NASCAR Xfinity: Lilly Diabetes 250


Saturday’s Lilly Diabetes 250 featured a brand new aero package including restrictor plates. With closer racing and crazier restarts, William Byron was able to hold off a late charge from Paul Menard to win his third race of the season in the NASCAR Xfinity Series.

The 19-year old phenom has impressed all season long in the #9 Chevrolet, and he continued to do so Saturday afternoon at Indianapolis Motor Speedway. He won Stage 1, and dominated the closing moments of the race, beating Menard to the line by just 0.108 seconds.

The new package at Indy surely played out as expected, as cars could get a huge run on the one in front. This led to slingshot passes on the straightaways and wildly aggressive restarts. At some points, the high lane looked to work decently as a passing lane.

Elliott Sadler sat on pole and led the first 16 laps until the competition caution waved. Kyle Busch and Byron came off pit lane first, and jockeyed for the lead. Byron ended up clearing the #18 car, driving to Stage 1 victory.

Stage 2 saw some overly aggressive manoeuvres, two of them leading to wrecks. On Lap 39, Spencer Gallagher moved slightly up the track, causing him to get turned by Ryan Sieg.

Sieg was sent spinning, leading to Tyler Reddick making an evasive move into the grass. With a severely damaged car, Reddick was forced to take it to the garage, finishing 37th. Gallagher and Sieg would continue with minimal damage.

Just 11 laps later on Lap 50, Mario Gosselin misjudged the gap between himself and the #0 car of Garrett Smithley.

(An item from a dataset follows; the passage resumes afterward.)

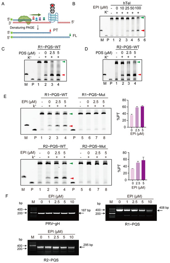 EPI inhibits DNA replication by targeting G4 structures formed by R1-PQS and R2-PQS. (A) Schematic of the Taq polymerase stop assay showing premature termination products (red arrows) due to G4-induced steric hindrance. Green arrows indicate the full-length products synthesized by Taq polymerase. (B) Primer extension with telomeric sequence (positive control) and varying concentrations of EPI to assess its effect on DNA replication. (C,D) Positive control using PDS, a G4 stabilizer, in the Taq polymerase stop assay. (E) Primer extension assays on wild-type and mutant R1-PQS and R2-PQS sequences with varying EPI concentrations. (F) PCR amplification of the PRV-HN1201 genome to assess G4 formation in the R1-PQS and R2-PQS regions upon EPI treatment. In (B,E), “−” indicates the absence of both K⁺ and EPI. In (C,D), “−” indicates the absence of both K⁺ and PDS. “+” indicates the presence of K⁺.

In turn, Smithley was sent spinning, avoiding damage, but bringing out the pace car. Cars got back racing with 8 to go in the stage, and it seemed Justin Allgaier would be on his way to a stage win.

Somewhat surprisingly, Allgaier, along with Byron, Cole Custer, and others, headed down pit lane with four to go in the stage. Allgaier had a catastrophic error in his pit box, though. He pulled in with his right sides not fully inside his pit box. The crew, after starting to service the car, halted and let Allgaier position his car correctly.

At that point, losing valuable time, Allgaier drove away without his right front secure. Driving around the track wounded, he brought his car to a stop: a very astute decision. If he had not done so, and the tyre came off, his crew chief Jason Burdett would have been suspended for four races.

This incident brought out a yellow flag with one to go in the stage, handing Elliott Sadler the Stage 2 win. As the drivers who stayed out came to pit road, Busch, Byron, and a cast of others stayed out.

The third and final stage would go unstopped by yellow flags and see multiple lead changes. Busch pulled away from a feisty Byron. Eventually, the #18 would drag along Erik Jones in the #20, pulling away from Byron, Sadler, and Joey Logano.

Astonishingly, Busch and Jones would head down pit road with just 18 laps left. According to Busch’s team, they did not want to risk their driver losing a tyre. This briefly gave Sadler the lead. Byron would come storming back though, passing his teammate on Lap 84.

As the young kid led, he reported a worsening vibration. The team left the final decision up to the young driver, and Byron never did pit. All the while, Menard was blasting through the field. With 5 to go, Menard made it up to Byron’s back bumper. Coming to the white flag, Byron blocked the Cup regular twice. Menard desperately tried to get alongside the #9, but could not do so.

Byron would take the chequered flag, the third time he has this season in his stellar rookie campaign. Menard, Sadler, Logano, and Custer rounded out the top five. Ryan Reed, Brennan Poole, Daniel Hemric, Brandon Jones, and Ty Dillon all scored top ten finishes. Busch would finish 12th and Jones would place 23rd after a tyre violation.

The new package added excitement, even if it did decrease speeds substantially. Steve O’Donnell said it passed NASCAR’s “eye test”, but more will have to be seen in various testing for it to be put in place for the Brickyard 400 in 2018.

As for the standings, Elliott Sadler retains his points lead over Byron and Allgaier. Sadler added one playoff point, while Byron added six. Veteran Brendan Gaughan scored seven stage points and finished 13th, while Sieg scored two stage points and would end up 14th. This allowed Gaughan to extend his gap over Sieg to 15 for the 12th and final playoff spot.

With just five races until the series playoffs begin, the teams will head to the 7/8-mile Iowa Speedway next Saturday. Byron took the checkers at Iowa just under a month ago.